第45話 反抗期~自嘲1
遥貴が国王になったからと言って、遥貴に権力が与えられたわけではない。けれども、大臣など立派な大人たちがかしずき、宮殿に使える職員たちがひざまずく様を見続けていると、誰であっても自分が偉くなったように感じてしまうだろう。ましてや年端もゆかない子供なれば尚更である。その点、小さい頃から帝王学を学んでいた尊人などは、流石だったと未来は今更ながら感心する。
遥貴は、初めの頃こそ公務も勉強も頑張っていたが、数カ月国王を続けているうちに、勉強が滞りがちになってきた。やりたくない事はやらなくなって、先生が来ても姿を見せない時もあった。未来が注意しても、疲れているなどと言って言う事を聞かないのだ。食べ物や着る物に関しても、やんわりとではあるが好き嫌いを言うようになってきた。つまり、普通に13歳なのだ。だが、国王としてはやはり困る。未来は困り果てた。打開策を考えなければならない。
そこで、一計を案じた。君子に会わせる事だった。君子は尊人を育てたのだから、良きアドバイスをくれるのではないか、と考えたのだ。早速上司と相談し、君子に宮殿へ来てもらった。
「君子様、ご無沙汰しております。」
未来はひざまずいて挨拶をした。君子はニコニコしていた。
「未来さん、お久しぶりね。わたくしもすっかり年を取ってしまいました。」
「そんなことはありません。全くお変わりありませんよ。」
お世辞ではなく、本当に未来はそう思った。君子はちっとも変っていなかった。
君子の元へ、未来は遥貴を連れてきた。初対面である。孫と言って良いものか。
「まあ。」
君子はそう言ったきり、なかなか次の言葉が出て来なかった。無理もない。何しろ尊人にそっくりなのだから。子供の頃を良く知る君子にとっては、本当に尊人そのものに見えるに違いない。
「おばあ様、初めまして。」
遥貴はひざまずいて挨拶をした。
「陛下、いえ、遥貴さんね。初めまして。」
君子はニコニコしていたが、目には少し涙をためていた。未来は胸がぐっと詰まった。君子は、もう13年以上尊人に会っていないのだ。電話やメールさえしていないはずだ。
「君子様、もしお忙しくなければ、遥貴様の傍にいていただけませんか。我々だけでは手を焼いていまして。」
未来がそう言うと、遥貴がちょっと口を尖らせた。
「何それ。」
「陛下、お言葉が。」
未来がさりげなく注意する。遥貴は大きく息を吸って、ふっと吐いた。つまり、これ見よがしにため息をついたのだ。未来が顔をしかめると、君子がホホホと笑った。
「大丈夫ですよ、未来さん。尊人さんだって13歳くらいの時はそれはもう、反抗期で。注意することは大事ですが、すぐに直らなくても大丈夫です。いずれ分かってくれますから。大変でしょうけど。」
「君子さま・・・。」
未来はちょっと感動して言葉が出なかった。自分をねぎらってくれた事にもそうだが、なるほど、尊人もそうだったのか、反抗期なのか、いずれ直るのか、という事に。
「さすが、君子さま。お聞きして良かったです。」
未来は頭を下げた。
君子を再び宮殿に住まわせようと考えた未来だが、それは叶わなかった。しきたりなど、いろいろあるらしい。国王の親ではないので、宮殿に住むことは許されないようだ。時々会いに来てくれるよう、お願いするにとどめた。

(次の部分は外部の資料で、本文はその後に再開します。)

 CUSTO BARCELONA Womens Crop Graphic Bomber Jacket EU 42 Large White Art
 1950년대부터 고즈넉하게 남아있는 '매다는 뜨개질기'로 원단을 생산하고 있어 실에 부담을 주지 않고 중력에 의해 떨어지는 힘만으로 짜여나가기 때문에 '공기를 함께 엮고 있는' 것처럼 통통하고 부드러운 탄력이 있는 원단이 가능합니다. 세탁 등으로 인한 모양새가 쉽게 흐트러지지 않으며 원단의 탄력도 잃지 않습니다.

そして、「恩赦」の話が出てきた。代々、国王が即位した際には、政治犯などの囚人を何人か恩赦により無罪にするのだ。真っ先に候補に挙がったのは、もちろん国王の父、尊人である。尊人はクーデターを起こした罪人である。実際にはイギリスにいるが、国内で幽閉されている事になっている。なので、尊人を無罪放免にして、極秘に帰国させ、この宮殿に住まわせるというのが一つ。そして、もう一人は瑠璃子だ。尊人の命を狙い、立てこもり事件を起こして自分が国王になろうとした瑠璃子。瑠璃子に関しては意見が割れた。未来も、無罪放免にして、公務を行ってもらうのには抵抗があった。
「遥貴、瑠璃子様の事は聞いたことあるか?」
未来が聞いてみた。
「瑠璃子さん?ううん、ないよ。」
「そりゃそうか。国王だった事さえ知らされてなかったんだもんな。」
未来はそう言うと、瑠璃子が尊人のいとこであること、瑠璃子が尊人の命を狙ったいきさつなどを話して聞かせた。
「罪を許すか?って言われても困るよな。」
一通り話した後、未来がそう言うと、遥貴は
「瑠璃子さんに会えるかな?会って、話してみたいな。それから考えてもいいんじゃない?」
と言った。ちゃんと自分で考えようとしている、と未来はこっそり驚いた。